I pulled up in front of Austin's house, lingering in my car mometarily to steady my breathing and calm my nerves. I was trying to think positively. I had no reason to believe that he wouldn't be happy for me; we loved each other, and when you love someone you support them, right? I have always supported him and the band, supported the fact that he's only going to be home maybe 4 months out of the year.

It was now or never.

I climbed out of my car and walked towards the front door, strolling into the house without bothering to knock. "In here, babe!" Austin shouted from his bedroom at the top of the stairs. I tooked a breath and climbed the carpeted steps slowly, counting each step on the way up as a method to keep myself calm. I leaned against the door frame as I eyed him; he was seated on the edge of his bed, strumming at his acoustic guitar. He looked over and smiled at me, setting the guitar down and resting it against the wall. "Hey there pretty girl." I smiled and walked over to him, leaning down and planting a kiss on his soft lips. He pried my lips apart with his tongue and deepened the kiss. I kissed him back for a moment before pushing him away.

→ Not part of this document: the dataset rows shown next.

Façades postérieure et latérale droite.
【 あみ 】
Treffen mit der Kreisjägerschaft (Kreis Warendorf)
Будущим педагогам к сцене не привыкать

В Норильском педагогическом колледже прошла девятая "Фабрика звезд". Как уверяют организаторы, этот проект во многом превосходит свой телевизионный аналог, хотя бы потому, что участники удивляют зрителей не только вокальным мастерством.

"Can I talk to you about something?" I asked and he looked at me.

"Of course, Ty. Is everything okay?" I sat next to him on the bed, crossing my legs underneath me, and pulled the letter out of my purse, handing it to him. He furrowed his eyebrows at me and unfolded the paper, beginning to read it. I watched his face intently, looking for any reaction, trying to decipher the emotions going through him as he read. He smiled almost immediately. "Baby this is incredible-" I cut him off.

"Keep reading." He did as asked, directing his attention back to the paper. Just as I feared his smile faded, being replaced with confusion.

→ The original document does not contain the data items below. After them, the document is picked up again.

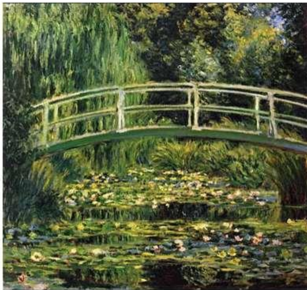
Белые кувшинки. Живерни. Клод Моне
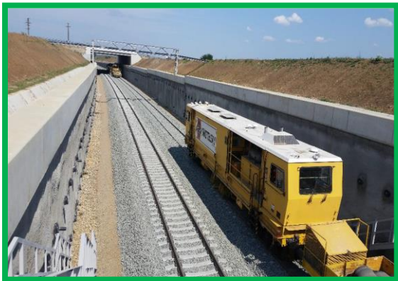
Buraj, profilare și stabilizare cale - zonă tunel Turdaș
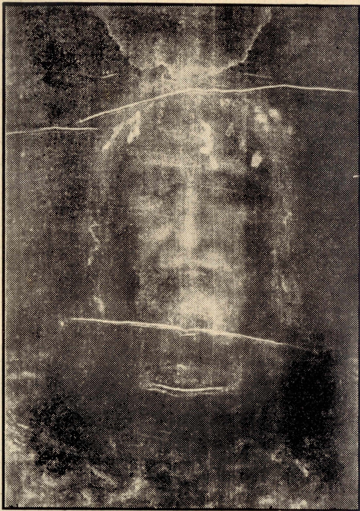
Il-Wiċċ Imqaddes ta' Sidna Ġesù Kristu; xbiha mehâda mil-Liżâr ta' Torîn.

ukoll għaqal, għerf, xohra u qdusija. It-tabib Hyner ta' Prâga, li dâm żmien twil jifli x-xbieha tal-Liżar, jghid li x-xbieha tal-ġisem tar-raġel il-mejjet, taqbel f'kollox ma' dak li jghidulu ġmiel klassku; ġmiel li jidher imfisser tajjeb fit-taqsim tal-għageb
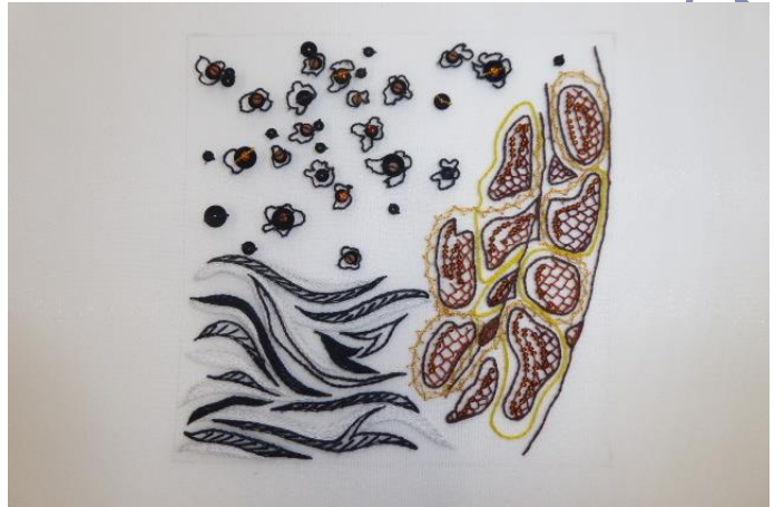
2-J't'ai dans la peau
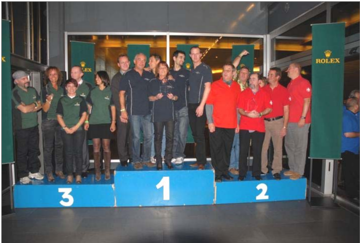
En rouge, l'équipe de Hauteville 4

He looked up at me. "Manhattan. As in New York City?" He questioned, his voice strained. I nodded and he seemed to tense a bit. "Well are you going to go?" The question was harsh, laced with an undertone of anger, and it caught me off guard.

"I'm thinking about it that's why -" He tossed the paper aside and stood from the bed.

"No." He stated as he stood in front of me.

I furrowed my eyebrows in confusion and looked up into his eyes which had seemed to darken. "No? What do you mean no?"

"I don't like it. I don't think it's a good idea," he stated, crossing his arms over his chest.

"What? You didn't even read the rest of the letter, Austin!"

"I don't need to. I don't like it." I scoffed at his words.

"I got in to one of the most prestigious performing arts schools in the country, Austin. If you would have continued reading you also would've found out that I was offered a full scholarship! Do you have any idea what that means for my future?" I tried to keep my voice calm, hoping to avoid an arguement, hoping I would be able to reason with him. He remained silent as he glared down at me, his face slowly becoming etched with anger. "What happened to being happy for me?"

"That was before I found out that you were going to be moving across the country!" His voice raised a little, taking me aback.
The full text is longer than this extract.